▶ **What to do**: Look through the listing below for the line containing "目前,南昌市《大南昌市圈市域". Copy it and each line after it up to and including the line containing "Leaves: 2-6 in.", exactly, leaving out pictures.

▶ **Record set**:
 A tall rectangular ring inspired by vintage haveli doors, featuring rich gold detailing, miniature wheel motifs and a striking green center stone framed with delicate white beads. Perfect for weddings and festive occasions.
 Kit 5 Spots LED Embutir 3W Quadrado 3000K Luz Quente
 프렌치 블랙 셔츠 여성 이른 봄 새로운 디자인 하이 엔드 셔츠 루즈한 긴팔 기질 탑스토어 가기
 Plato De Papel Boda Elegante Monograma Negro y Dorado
--
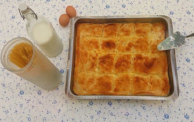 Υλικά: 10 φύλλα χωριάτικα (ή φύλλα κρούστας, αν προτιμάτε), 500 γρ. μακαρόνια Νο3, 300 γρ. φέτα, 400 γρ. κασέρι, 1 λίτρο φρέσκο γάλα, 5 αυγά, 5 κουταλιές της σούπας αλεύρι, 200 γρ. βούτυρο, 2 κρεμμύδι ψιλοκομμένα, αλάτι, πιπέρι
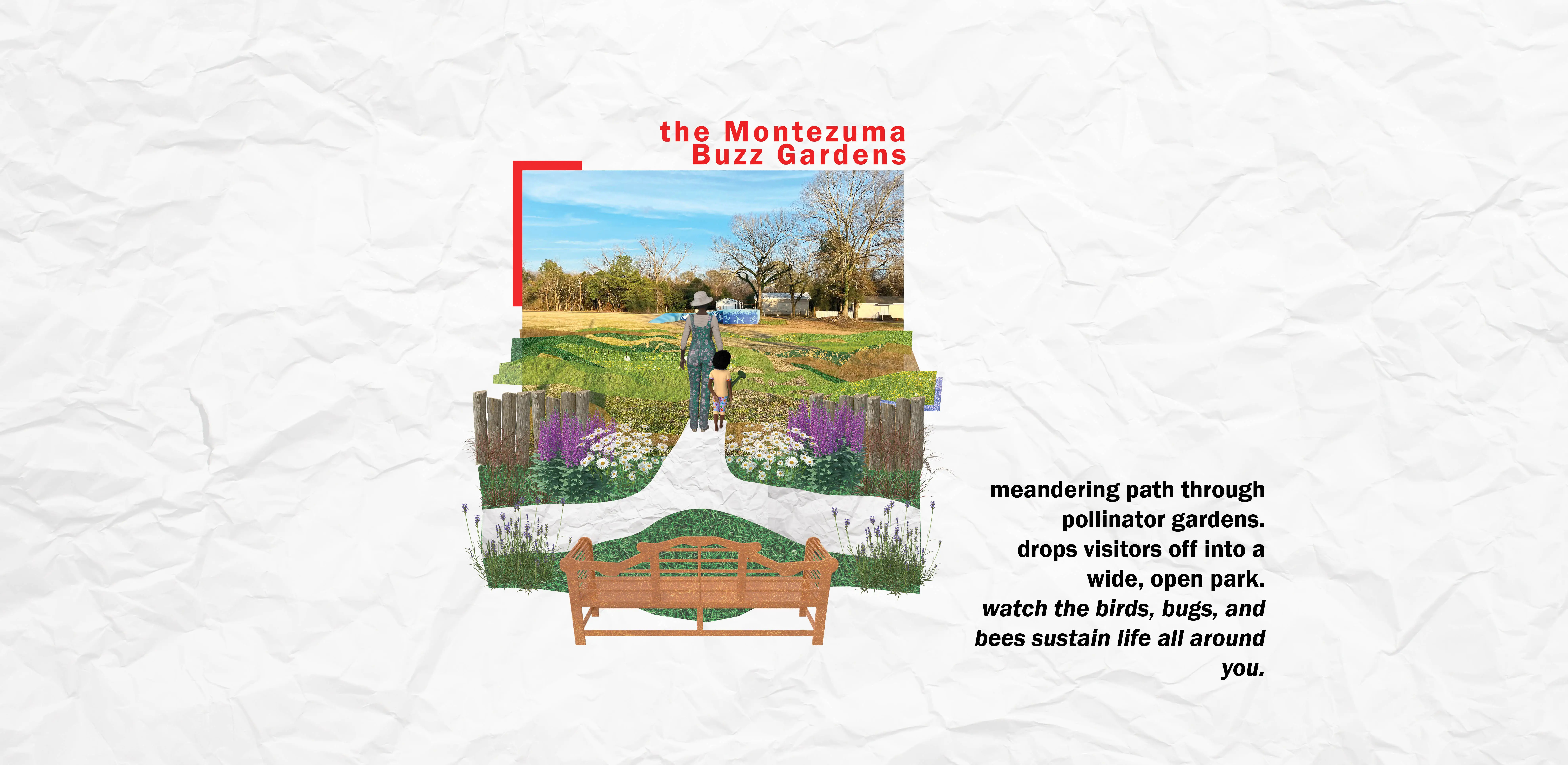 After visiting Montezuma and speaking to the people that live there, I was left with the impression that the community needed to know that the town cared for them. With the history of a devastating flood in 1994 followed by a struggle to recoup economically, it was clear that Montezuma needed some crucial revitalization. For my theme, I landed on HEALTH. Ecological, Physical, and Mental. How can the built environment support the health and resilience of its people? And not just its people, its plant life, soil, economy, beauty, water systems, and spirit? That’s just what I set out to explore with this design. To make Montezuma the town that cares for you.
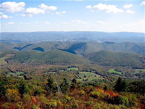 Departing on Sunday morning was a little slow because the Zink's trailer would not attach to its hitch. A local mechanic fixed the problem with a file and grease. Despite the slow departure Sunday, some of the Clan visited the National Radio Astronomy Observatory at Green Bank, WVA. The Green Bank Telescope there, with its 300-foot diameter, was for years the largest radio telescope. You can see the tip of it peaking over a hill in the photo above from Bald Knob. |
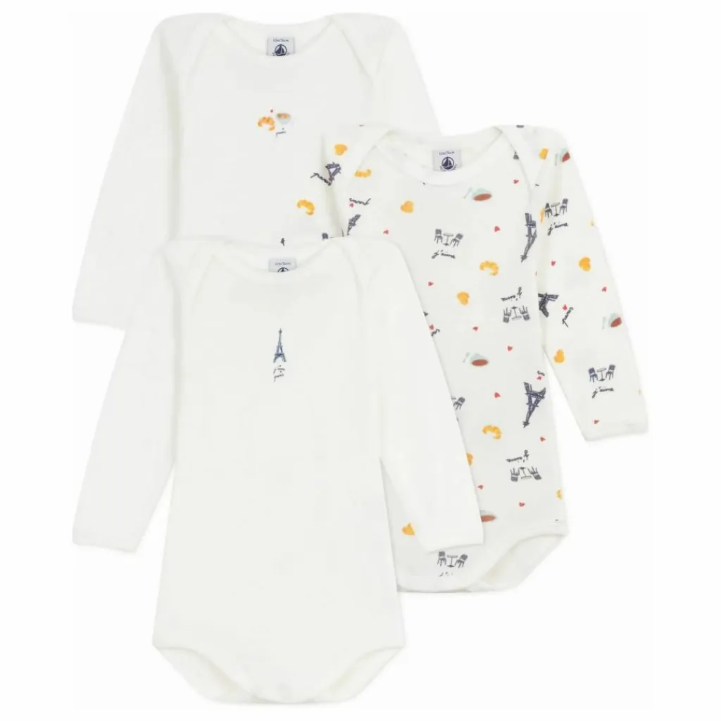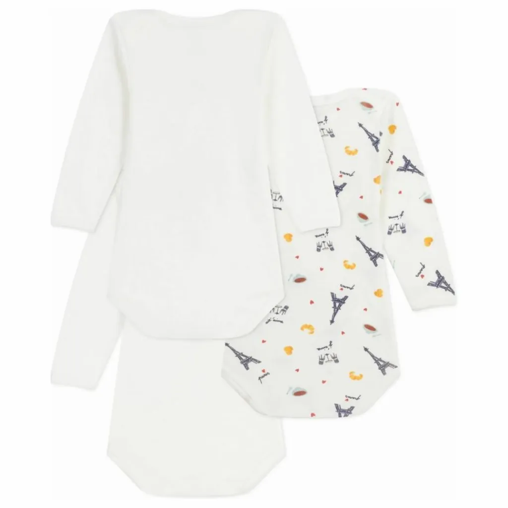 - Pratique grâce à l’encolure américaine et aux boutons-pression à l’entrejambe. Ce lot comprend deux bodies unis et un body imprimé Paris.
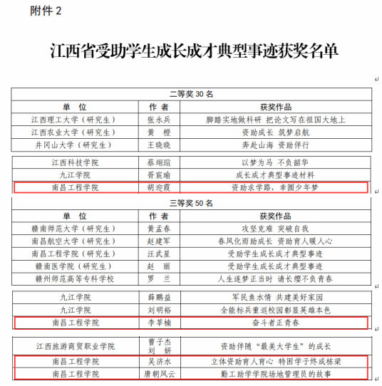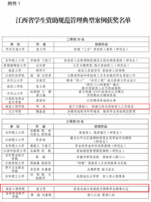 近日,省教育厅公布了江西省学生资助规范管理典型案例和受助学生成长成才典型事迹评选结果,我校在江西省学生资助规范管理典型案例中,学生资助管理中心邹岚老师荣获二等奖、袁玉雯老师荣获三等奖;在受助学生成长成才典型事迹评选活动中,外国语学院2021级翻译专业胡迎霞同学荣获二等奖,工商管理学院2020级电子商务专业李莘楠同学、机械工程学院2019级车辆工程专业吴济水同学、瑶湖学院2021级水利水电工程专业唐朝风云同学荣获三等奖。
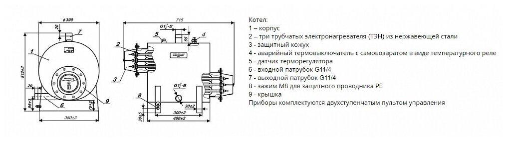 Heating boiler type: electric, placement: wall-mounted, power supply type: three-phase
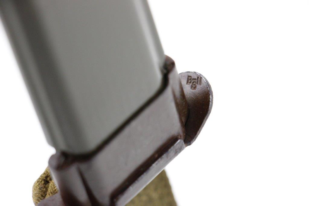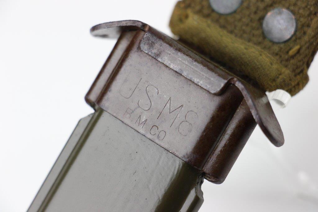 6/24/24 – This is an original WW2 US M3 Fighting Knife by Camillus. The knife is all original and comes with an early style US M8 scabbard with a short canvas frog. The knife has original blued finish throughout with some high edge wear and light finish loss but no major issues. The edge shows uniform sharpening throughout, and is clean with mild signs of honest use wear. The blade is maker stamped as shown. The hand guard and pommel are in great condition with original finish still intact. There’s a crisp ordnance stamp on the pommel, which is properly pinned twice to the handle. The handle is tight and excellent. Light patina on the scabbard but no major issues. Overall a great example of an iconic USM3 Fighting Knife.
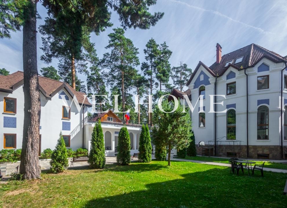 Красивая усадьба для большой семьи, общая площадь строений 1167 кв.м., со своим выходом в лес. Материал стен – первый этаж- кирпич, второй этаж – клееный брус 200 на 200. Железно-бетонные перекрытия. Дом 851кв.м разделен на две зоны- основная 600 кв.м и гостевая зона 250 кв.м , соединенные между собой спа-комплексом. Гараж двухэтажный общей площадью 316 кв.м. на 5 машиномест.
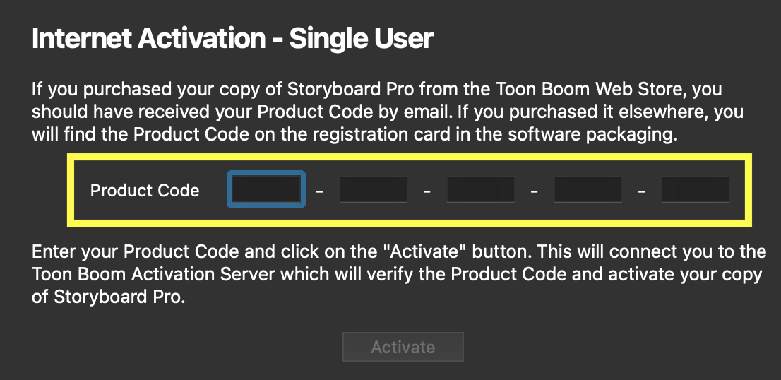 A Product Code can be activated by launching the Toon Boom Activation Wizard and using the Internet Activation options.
---
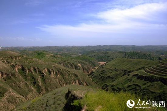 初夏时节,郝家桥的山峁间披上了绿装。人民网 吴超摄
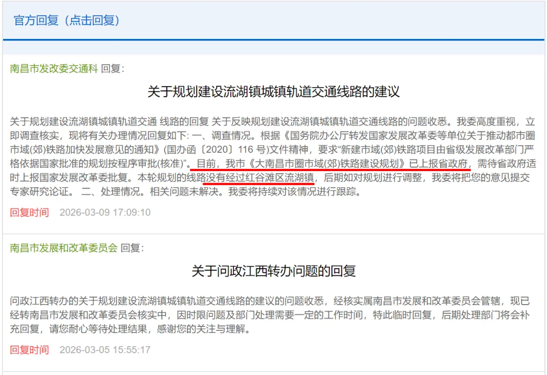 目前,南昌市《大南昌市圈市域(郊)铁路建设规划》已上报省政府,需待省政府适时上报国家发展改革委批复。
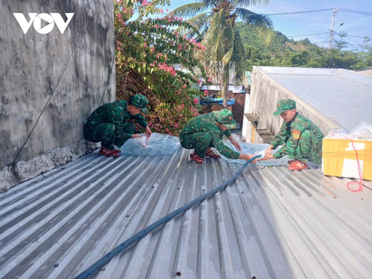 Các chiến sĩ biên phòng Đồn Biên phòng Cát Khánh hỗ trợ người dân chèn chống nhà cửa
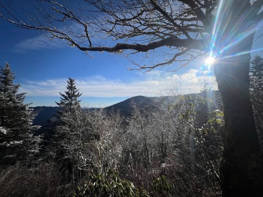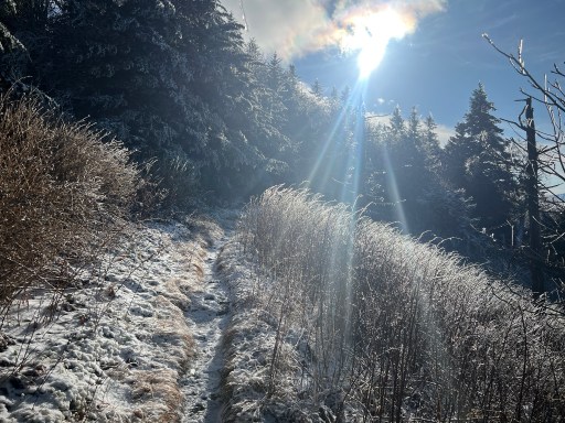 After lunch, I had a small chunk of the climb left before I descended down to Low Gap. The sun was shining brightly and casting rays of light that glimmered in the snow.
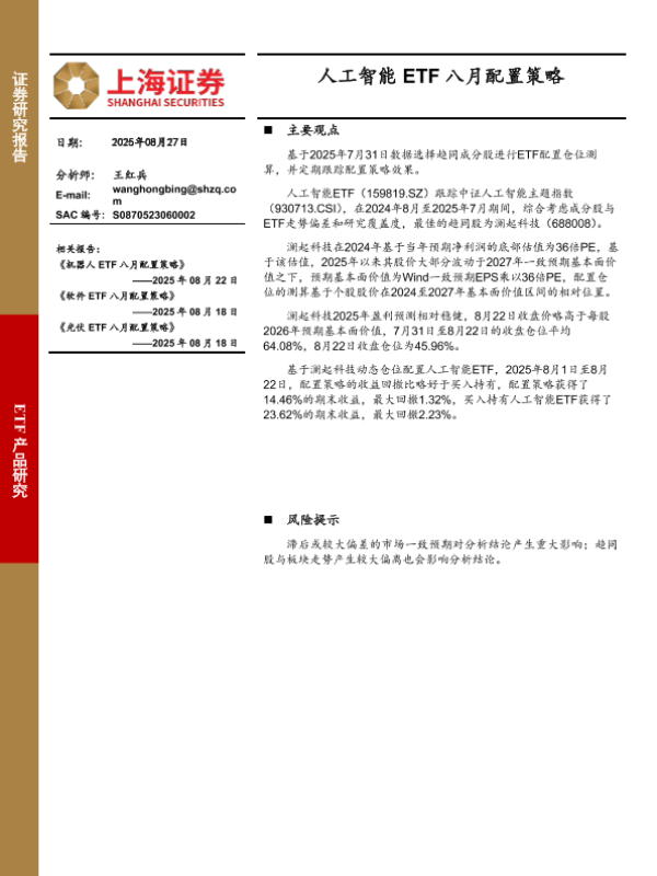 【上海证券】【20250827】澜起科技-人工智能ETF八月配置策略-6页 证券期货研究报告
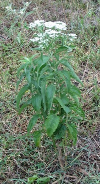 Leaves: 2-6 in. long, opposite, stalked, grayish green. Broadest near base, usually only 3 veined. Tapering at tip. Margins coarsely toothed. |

▶ **Reply to the exercise**:
 目前,南昌市《大南昌市圈市域(郊)铁路建设规划》已上报省政府,需待省政府适时上报国家发展改革委批复。
 Các chiến sĩ biên phòng Đồn Biên phòng Cát Khánh hỗ trợ người dân chèn chống nhà cửa
 After lunch, I had a small chunk of the climb left before I descended down to Low Gap. The sun was shining brightly and casting rays of light that glimmered in the snow.
 【上海证券】【20250827】澜起科技-人工智能ETF八月配置策略-6页 证券期货研究报告
 Leaves: 2-6 in. long, opposite, stalked, grayish green. Broadest near base, usually only 3 veined. Tapering at tip. Margins coarsely toothed. |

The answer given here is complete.